Hizo ademán de introducir la llave en la cerradura, pero se detuvo, alarmado. Desde el interior de su casa se oían voces y ruidos. Sopesó la conveniencia de regresar al coche y tomar la pistola, pero no lo hizo. Abrió con cautela la puerta, sin hacer ruido.

Y de pronto, recordó que se había olvidado por completo de Livia. Quién sabe el rato que debía de llevar esperándolo.

Le llevó la mitad de la noche volver a hacer las paces.

A las siete de la mañana se levantó sin hacer ruido, marcó un número de teléfono y habló en voz baja.

—¿Fazio? Tienes que hacerme un favor... Debes llamar y decir que estás enfermo.

—No hay problema.

—Quiero, antes de esta noche, vida, muerte y milagros de un tal Stefano Moscato, fallecido aquí en Vigàta hace unos cinco años. Pregunta por el pueblo, echa un vistazo a las fichas y a lo que te parezca. Por lo que más quieras...

—No se preocupe.

Colgó, tomó un bolígrafo y papel y escribió:

Querida: tengo que irme por un compromiso urgente y no quiero despertarte. Seguramente regresaré a casa a primera hora de la tarde. ¿Por qué no tomas un taxi y te vas a ver los templos griegos? Siguen siendo tan espléndidos como siempre. Un beso.

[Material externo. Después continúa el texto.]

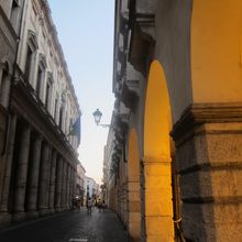 ヴィチェンツァの駅から正面の通りを500mほど行き、通りにつきあたった所で右に曲がり、門をくぐって1~2kmほど続く石畳の通りです。割合、人通りが賑やかで、服や食べ物を売る店があちこちにありました。途中、ドゥオーモやバジリカに入っていく小径があります。ずっと最後まで行くと、キエリカーティ宮があります。ほとんど平坦な道ですが、最後の方だけ下り坂となります。カフェやジェラートの店もあるので、いろいろ散策しながら行くとよいと思います。
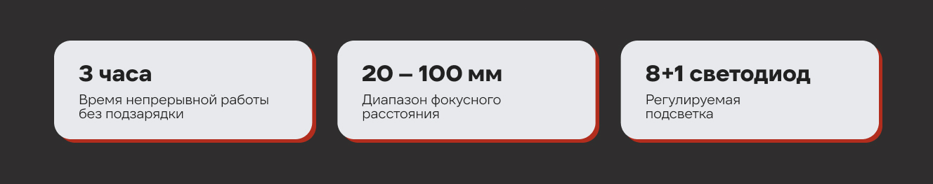 - Две камеры: возможность одновременного получения изображений с разных углов значительно увеличивает объем информации для анализа, что особенно полезно при осмотре сложных объектов
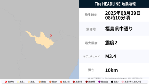8月29日8時10分頃、福島県で最大震度2の地震を観測
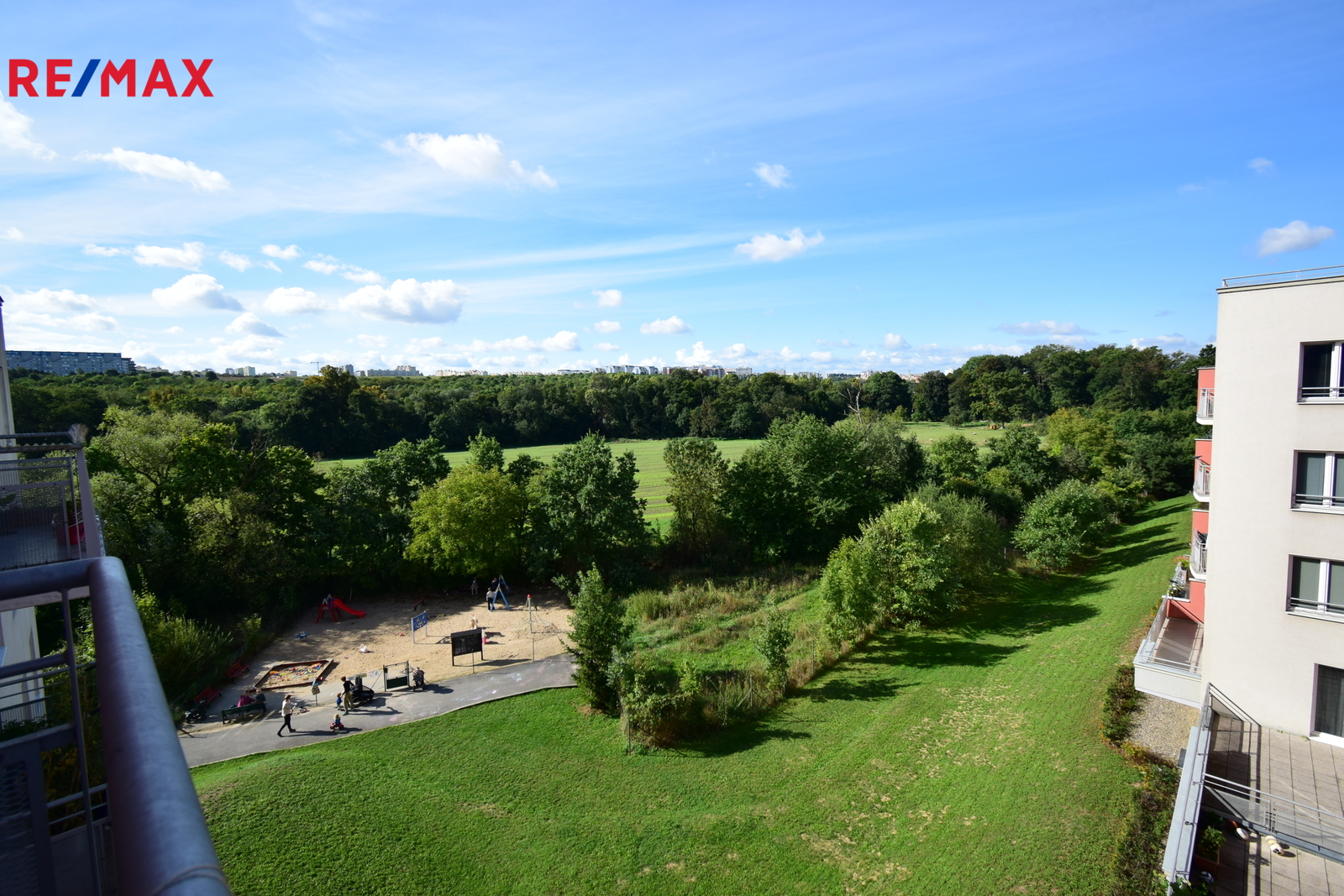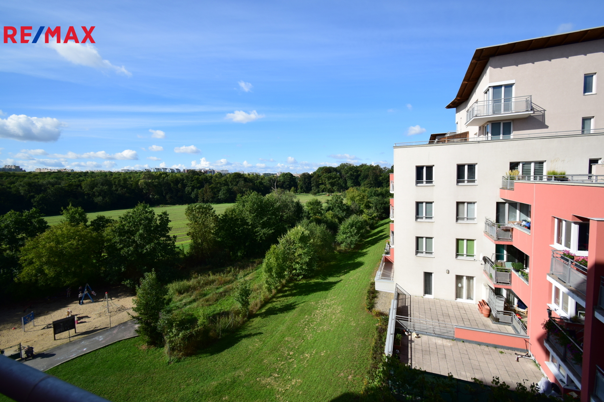 Balkon s možností posezení s výhledem do zeleně
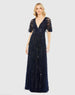 Embellished gown with v-neckline, short cape sleeves, and a flattering empire waist silhouette.
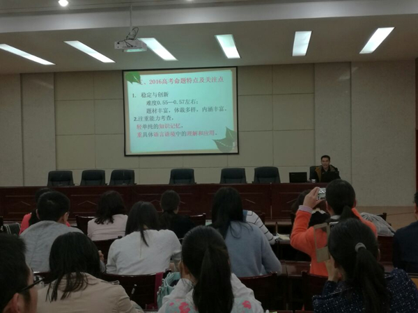 谢老师以《高考备考方向》为主题,介绍了2016高考命题特点,然后着重分享了高三后期复习备考建议,谢老师以朴实幽默的语言,从词汇、语法复习的注意事项到语法填空、短文改错、阅读理解等全国卷题型考察特点、答题策略、备考建议向大家娓娓道来,让与会老师受益匪浅。他在强调作文卷面的重要性时说“字好不一定高分,但高分一定字好”,获得与会教师的一致赞同和热烈掌声。与会老师就教育教学实践中遇到的问题和疑惑,南北校教研情况和谢老师进行了深入的交流。最后,梁校长进行会议总结并要求全体与会老师要把今天所听所学认真领悟并应用到教学实践中。
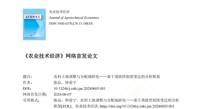 近期,公司best365官网入口注册陈品博士与农业经济学领域知名专家南京农业大学钟甫宁教授合作的研究成果《农村土地调整与分配细碎化——基于诱致性制度变迁的分析框架》在农业经济学权威期刊《农业技术经济》首发。该研究围绕我国农村土地分配细碎化的现实,重新审视了土地调整对细碎化的影响,提出了在规模经济的诱导下土地调整对细碎化的不同效应,该研究成果为土地调整领域的研究做出了边际贡献,为我国农村土地延包工作的开展及推动地块层面规模化分配与经营提供了相关政策的制定依据。
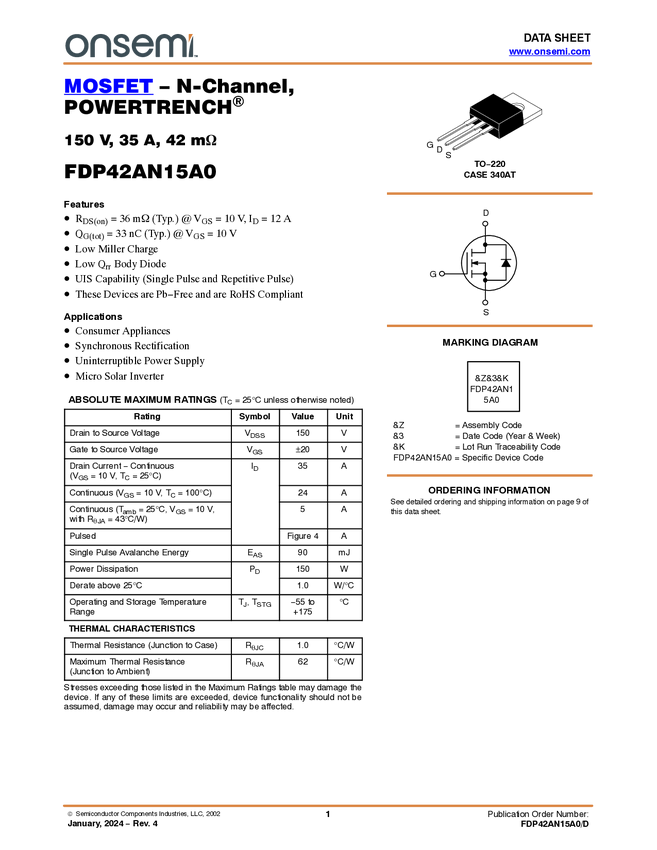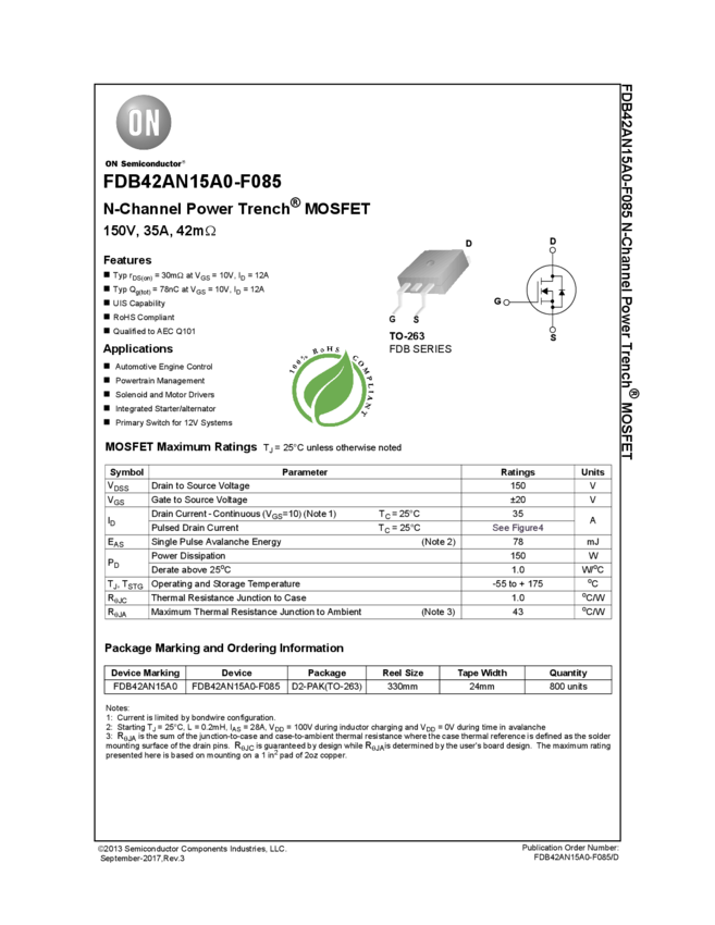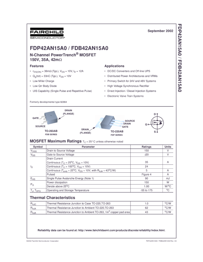 N-Channel PowerTrench® MOSFET 150V, 35A, 42mΩ
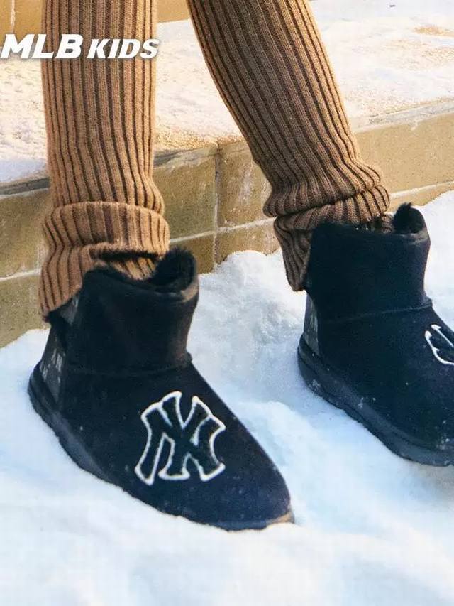 Mlb新款毛绒中筒儿童雪地靴28-37码 Ddd 毛绒绒的外观,内里也加绒加厚魔术贴设计,穿脱超方便原装橡胶耐磨防滑大底,脚感超赞 DDD
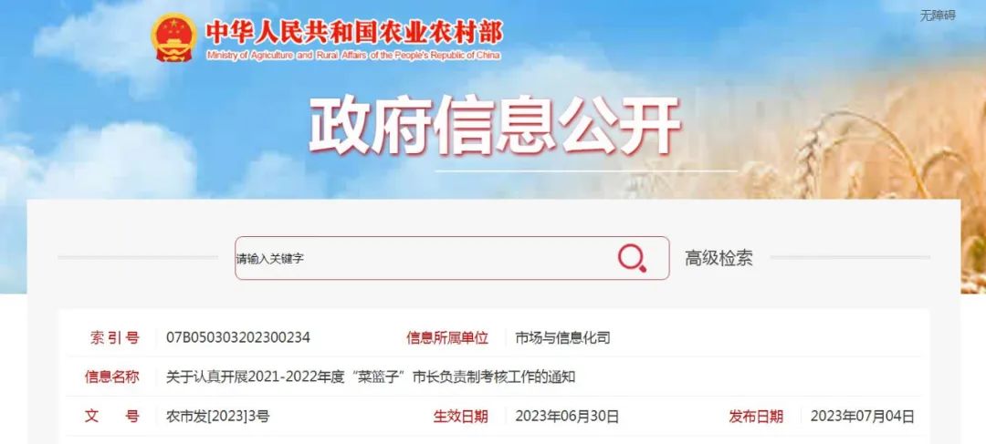 各直轄市、計劃單列市、省會城市人民政府: 為深入貫徹黨的二十大精神,認真落實黨中央、國務院關于嚴格“菜籃子”市長負責制考核的要求,根據《“菜籃子”市長負責制考......
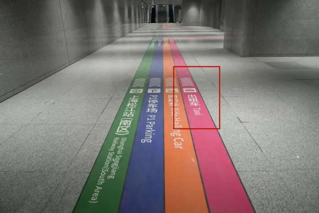 旅客从南区出站后,沿着通道步行,即可看到地铁上海松江站站的出入口。
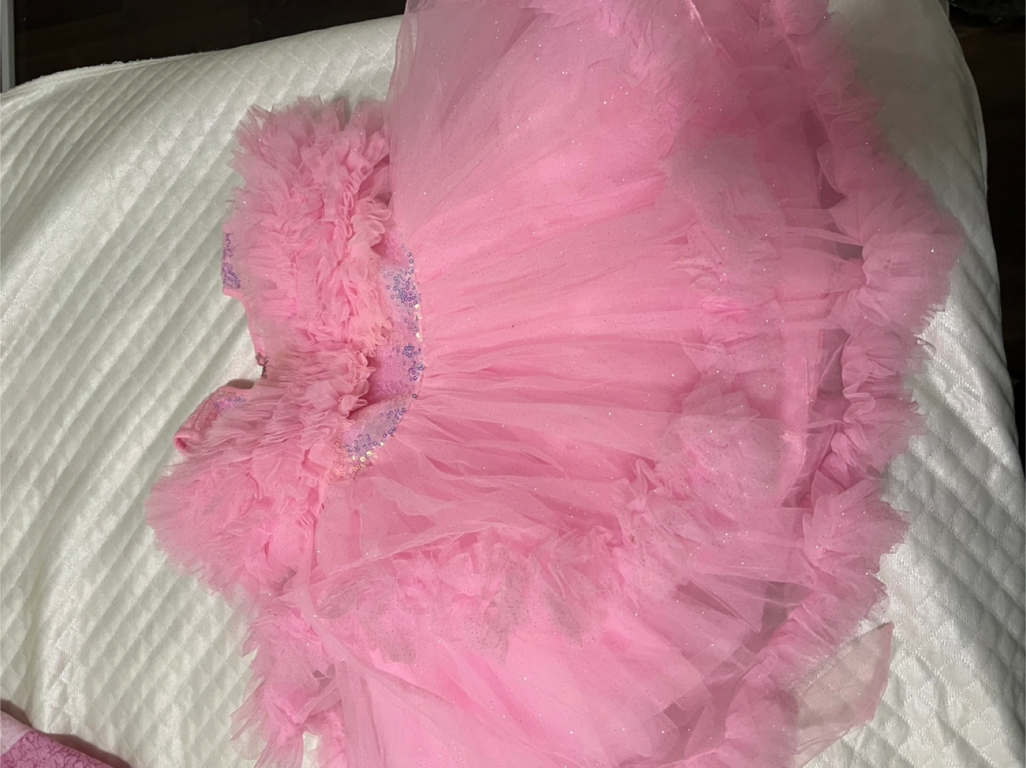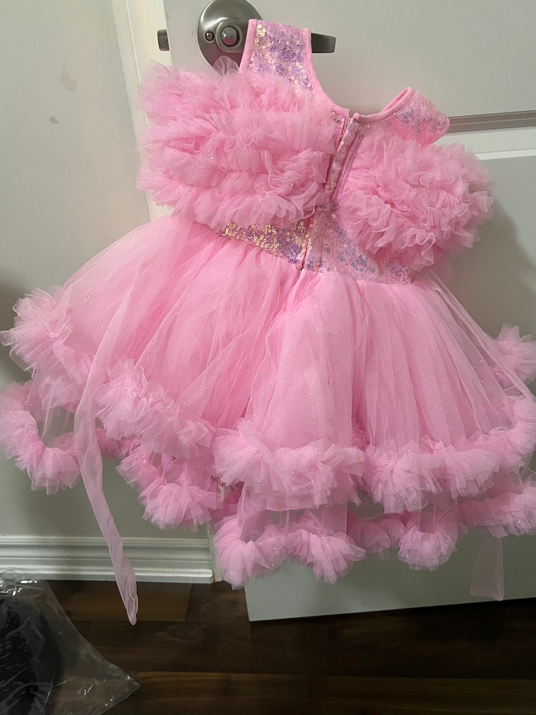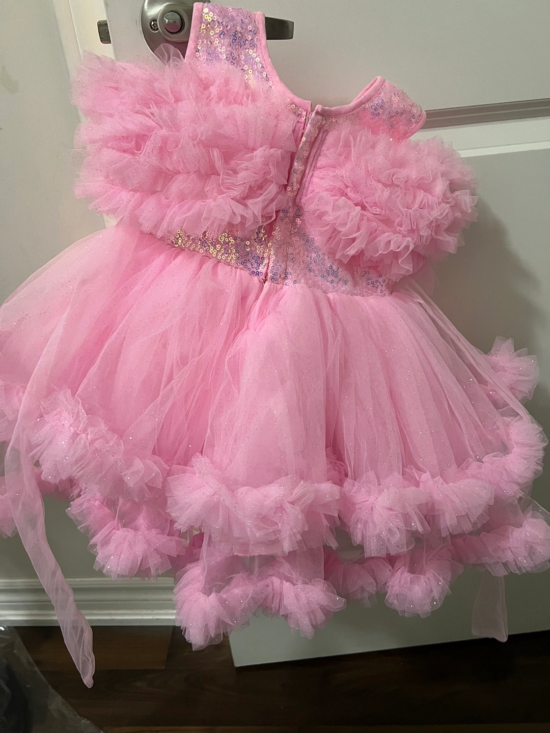10A beautiful pink dress. The dress has ruffles and a glittery look. The dress has a zipper in the back. It would be a joy to wear this dress to any event.
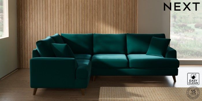 7.2.10 Parker Medium Corner Sofa - Left Hand Plush Velvet Easy Clean Juniper Green Low Retro Tapered - Mid | Made Click here to use our website with more accessibility support, for example screen readers
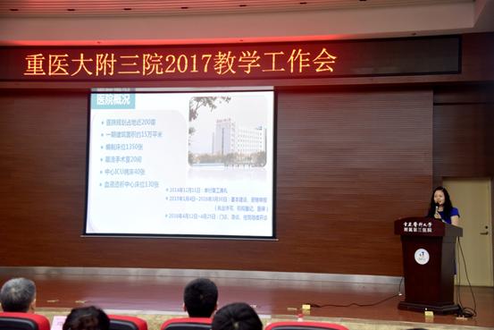 6月20日下午,“重医大附三院2017年教学工作会”在学术报告厅隆重召开。本次会议由党委副书记、副院长曾燕主持,特邀重庆医科大学副校长邓世雄、教务处副处长李兵出席并作专题培训,院常务副院长严敏、人力资源部赵臻晶科长、教学督导组成员、教学课程组组长及全院300余名带教教师参会。
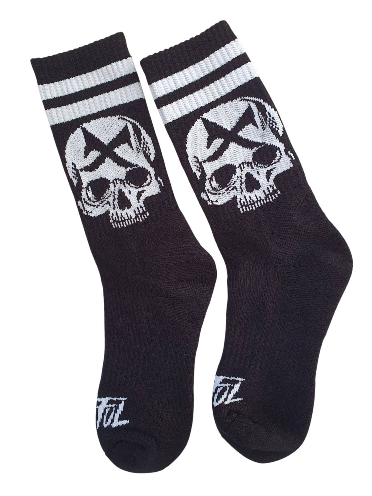 Enfilez ces chaussettes crew mi mollet aux teintes sombres et mystérieuses, ornées d'un crâne blanc captivant.
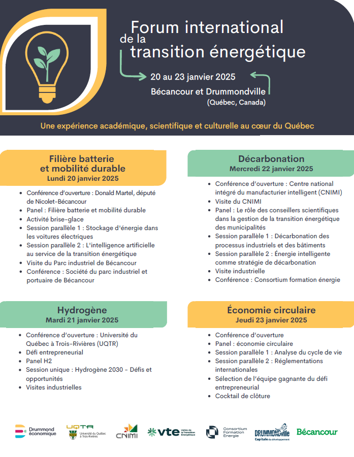 Du 20 au 23 janvier 2025, la première édition du Forum international de la transition énergétique (FITÉ) se déploiera à Bécancour et à Drummondville. Cet événement académique et scientifique réunira une délégation internationale d’étudiants, de chercheurs et de professionnels en provenance du Brésil, de la France, de la Suisse et de l’Allemagne, de même que les principaux acteurs de la transition énergétique de notre région.
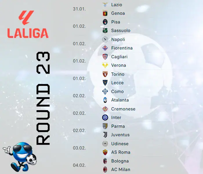 The 2025-26 Serie A schedule is referred to as match weeks each weekend. The matches take place usually on Friday, Saturday, and Sundays and are posted here. The Serie A schedule runs from August 23rd, 2025, to May 24th, 2026, this season. You can see a snapshot of the early schedule for Matchday 23 below. The entire printable Serie A schedule is available in PDF format for you here too.
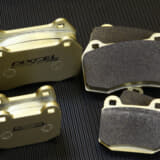 仮に新品でも純正パッドで走るのは自制し、サーキット用の強化品を使うようにしたい。選ぶとき注意したいのは耐フェード性で、純正パッドはフェード現象(ブレーキを連続で使用したことによる制動力の低下)が300~350度で始まるのに対し、スポーツパッドは400~750度と高い温度域に設定されている。つまり高速からのフルブレーキングや、周回を重ねたときもフェードしにくいというワケ。

Salió como un ladrón; si Livia hubiera abierto los ojos, habrían tenido una pelea.

Tardó una hora y media en llegar a Serradifalco; el cielo estaba despejado y se sentía tan contento, que le entraron ganas de silbar. Le vino a la mente Caifás, el perro de su padre, que paseaba triste y aburrido por la casa, pero que se animaba de golpe en cuanto veía que el amo empezaba a preparar los cartuchos, y se transformaba en una masa de energía cuando lo llevaban de caza. Encontró enseguida via Crispi; el número 18 correspondía a una mansión del siglo XIX, de dos pisos. Había un timbre con una placa que decía SORRENTINO. Una joven simpática, de unos veinte años, le preguntó qué deseaba.

—Quisiera hablar con el señor Andrea Sorrentino.

—Es mi padre, pero no está en casa. Lo puede encontrar en el Ayuntamiento.

—¿Trabaja allí?

—Sí y no. Es el alcalde.

—Pues claro que me acuerdo de Lisetta —dijo Andrea Sorrentino.

Llevaba muy bien sus sesenta y tantos años; sólo tenía alguna que otra cana y era un hombre muy apuesto.

—Pero, ¿por qué me pregunta por ella?

—Se trata de una investigación muy reservada. Lamento no poderle decir nada. Pero tenga la certeza de que para mí es muy importante averiguar algunos datos.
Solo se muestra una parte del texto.